**Data excerpts:**
****

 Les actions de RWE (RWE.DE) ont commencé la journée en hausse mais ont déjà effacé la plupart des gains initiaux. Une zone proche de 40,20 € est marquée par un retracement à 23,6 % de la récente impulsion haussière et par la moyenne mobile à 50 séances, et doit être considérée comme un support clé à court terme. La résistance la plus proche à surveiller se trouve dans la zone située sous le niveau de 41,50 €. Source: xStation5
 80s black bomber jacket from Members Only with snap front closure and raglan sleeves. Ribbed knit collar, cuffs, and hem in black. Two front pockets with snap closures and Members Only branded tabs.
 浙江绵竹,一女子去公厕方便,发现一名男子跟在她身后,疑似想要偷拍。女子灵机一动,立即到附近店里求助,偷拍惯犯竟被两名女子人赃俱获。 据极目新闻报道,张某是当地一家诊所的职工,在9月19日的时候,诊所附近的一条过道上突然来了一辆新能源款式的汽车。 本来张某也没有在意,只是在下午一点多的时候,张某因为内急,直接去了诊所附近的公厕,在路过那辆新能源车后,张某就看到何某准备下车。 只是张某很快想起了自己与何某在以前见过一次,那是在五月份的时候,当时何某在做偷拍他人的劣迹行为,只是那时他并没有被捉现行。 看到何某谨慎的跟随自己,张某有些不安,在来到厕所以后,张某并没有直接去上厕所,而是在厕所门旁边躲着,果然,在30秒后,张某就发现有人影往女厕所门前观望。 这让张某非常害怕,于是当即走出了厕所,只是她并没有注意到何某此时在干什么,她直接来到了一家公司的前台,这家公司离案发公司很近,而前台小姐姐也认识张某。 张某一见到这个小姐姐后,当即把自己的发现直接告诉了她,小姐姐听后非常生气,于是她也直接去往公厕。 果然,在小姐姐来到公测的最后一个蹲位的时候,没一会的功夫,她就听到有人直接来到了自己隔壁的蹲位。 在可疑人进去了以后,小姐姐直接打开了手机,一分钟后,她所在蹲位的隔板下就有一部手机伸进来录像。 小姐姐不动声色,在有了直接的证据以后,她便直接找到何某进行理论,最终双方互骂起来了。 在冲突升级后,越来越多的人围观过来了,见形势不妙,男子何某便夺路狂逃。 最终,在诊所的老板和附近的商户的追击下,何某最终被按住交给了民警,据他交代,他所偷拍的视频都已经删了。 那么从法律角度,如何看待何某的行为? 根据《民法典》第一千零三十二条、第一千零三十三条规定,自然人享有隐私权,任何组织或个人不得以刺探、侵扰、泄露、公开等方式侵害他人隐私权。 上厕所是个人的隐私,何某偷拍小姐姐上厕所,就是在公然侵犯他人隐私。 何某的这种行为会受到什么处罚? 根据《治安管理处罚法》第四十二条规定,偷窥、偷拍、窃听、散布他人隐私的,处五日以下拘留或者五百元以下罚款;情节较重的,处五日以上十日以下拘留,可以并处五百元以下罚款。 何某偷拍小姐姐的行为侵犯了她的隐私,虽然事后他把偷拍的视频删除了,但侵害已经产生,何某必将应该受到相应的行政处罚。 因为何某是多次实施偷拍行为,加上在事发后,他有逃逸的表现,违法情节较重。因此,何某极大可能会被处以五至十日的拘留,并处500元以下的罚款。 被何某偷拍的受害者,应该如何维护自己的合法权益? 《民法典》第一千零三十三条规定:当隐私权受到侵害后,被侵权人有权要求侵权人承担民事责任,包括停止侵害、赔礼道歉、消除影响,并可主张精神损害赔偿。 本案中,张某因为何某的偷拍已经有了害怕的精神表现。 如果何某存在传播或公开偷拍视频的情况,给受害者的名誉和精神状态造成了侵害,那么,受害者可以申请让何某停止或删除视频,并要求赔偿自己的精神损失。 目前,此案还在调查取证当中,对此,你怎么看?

****

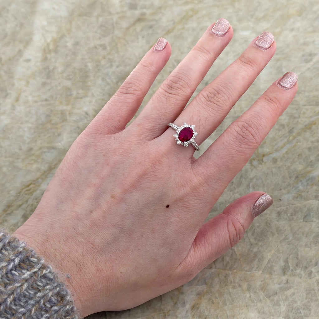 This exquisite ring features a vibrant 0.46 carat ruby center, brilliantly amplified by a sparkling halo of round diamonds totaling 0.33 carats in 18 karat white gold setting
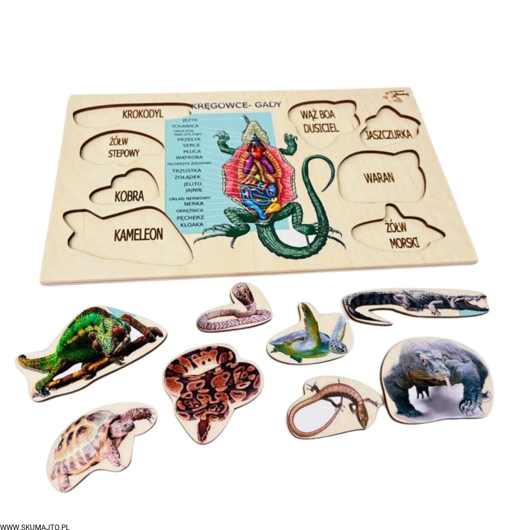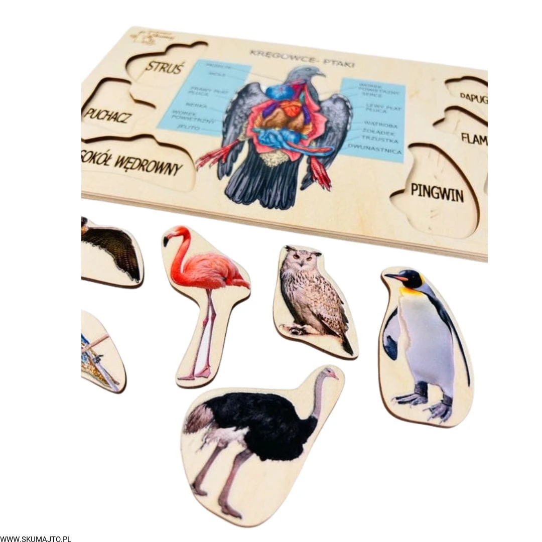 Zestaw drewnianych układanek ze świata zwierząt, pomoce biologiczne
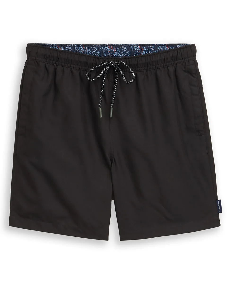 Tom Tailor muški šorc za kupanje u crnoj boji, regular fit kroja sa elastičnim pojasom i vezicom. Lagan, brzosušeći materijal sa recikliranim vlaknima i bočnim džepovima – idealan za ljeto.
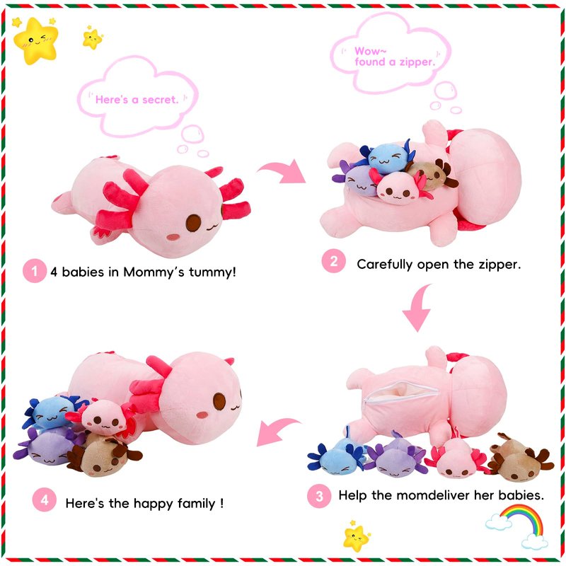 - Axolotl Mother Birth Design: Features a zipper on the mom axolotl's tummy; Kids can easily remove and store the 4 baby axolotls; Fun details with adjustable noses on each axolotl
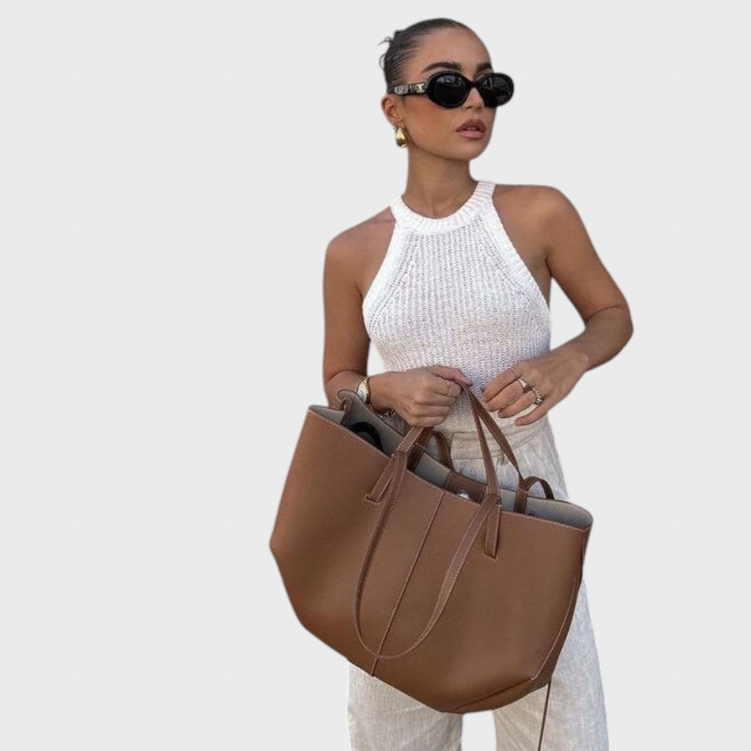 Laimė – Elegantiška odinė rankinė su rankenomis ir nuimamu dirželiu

****

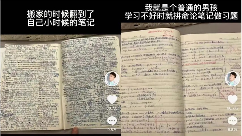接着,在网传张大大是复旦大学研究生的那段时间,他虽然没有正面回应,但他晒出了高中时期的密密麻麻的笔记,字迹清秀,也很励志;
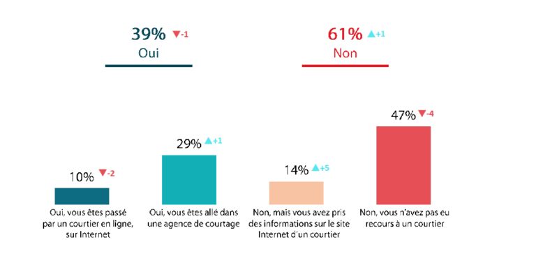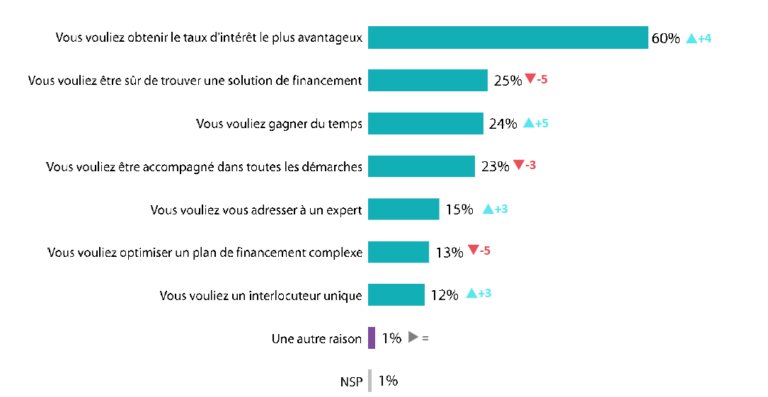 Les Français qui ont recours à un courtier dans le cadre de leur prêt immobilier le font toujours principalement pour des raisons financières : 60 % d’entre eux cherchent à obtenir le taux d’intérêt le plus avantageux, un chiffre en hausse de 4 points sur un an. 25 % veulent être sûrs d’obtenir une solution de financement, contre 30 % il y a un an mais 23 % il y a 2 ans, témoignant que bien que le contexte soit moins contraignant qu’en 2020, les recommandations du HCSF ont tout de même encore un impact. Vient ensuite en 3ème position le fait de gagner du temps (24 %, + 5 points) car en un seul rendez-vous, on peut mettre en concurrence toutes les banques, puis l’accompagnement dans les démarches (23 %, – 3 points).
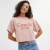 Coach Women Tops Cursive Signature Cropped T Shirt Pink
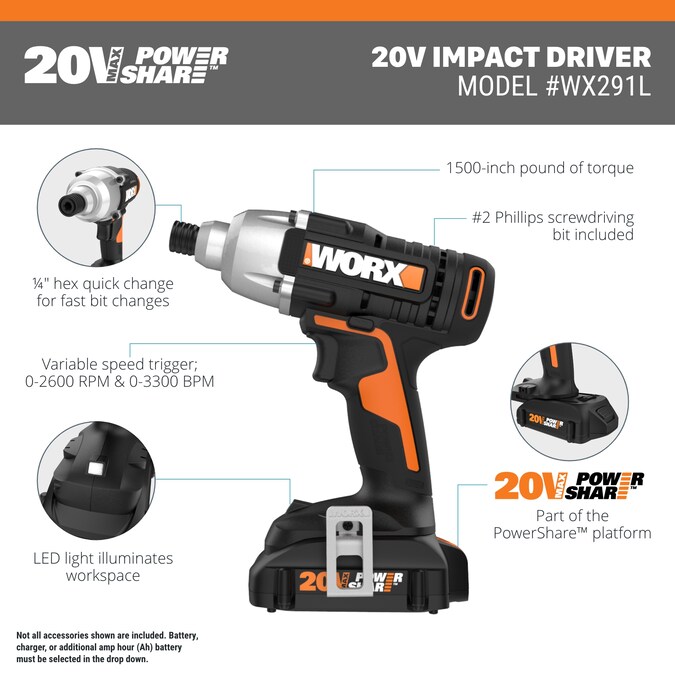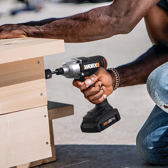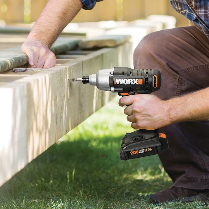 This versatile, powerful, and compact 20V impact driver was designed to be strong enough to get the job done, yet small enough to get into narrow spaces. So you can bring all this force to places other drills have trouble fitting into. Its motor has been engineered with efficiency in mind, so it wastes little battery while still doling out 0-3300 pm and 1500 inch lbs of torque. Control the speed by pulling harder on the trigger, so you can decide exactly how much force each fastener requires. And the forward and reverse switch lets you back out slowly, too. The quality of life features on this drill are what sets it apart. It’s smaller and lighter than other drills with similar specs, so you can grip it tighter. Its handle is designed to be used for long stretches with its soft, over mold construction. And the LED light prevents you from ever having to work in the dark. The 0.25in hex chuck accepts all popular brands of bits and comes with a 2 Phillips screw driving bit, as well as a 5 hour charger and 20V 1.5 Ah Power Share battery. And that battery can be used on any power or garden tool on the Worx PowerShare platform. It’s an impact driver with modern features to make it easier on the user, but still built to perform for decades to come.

****

**Exercise:**
Only the lines above starting with the line with "Zestaw drewnianych układanek" and going on through the line with "Laimė – Elegantiška" belong in the answer; repeat them exactly, minus any picture.

**Response below:**
 Zestaw drewnianych układanek ze świata zwierząt, pomoce biologiczne
 Tom Tailor muški šorc za kupanje u crnoj boji, regular fit kroja sa elastičnim pojasom i vezicom. Lagan, brzosušeći materijal sa recikliranim vlaknima i bočnim džepovima – idealan za ljeto.
 - Axolotl Mother Birth Design: Features a zipper on the mom axolotl's tummy; Kids can easily remove and store the 4 baby axolotls; Fun details with adjustable noses on each axolotl
 Laimė – Elegantiška odinė rankinė su rankenomis ir nuimamu dirželiu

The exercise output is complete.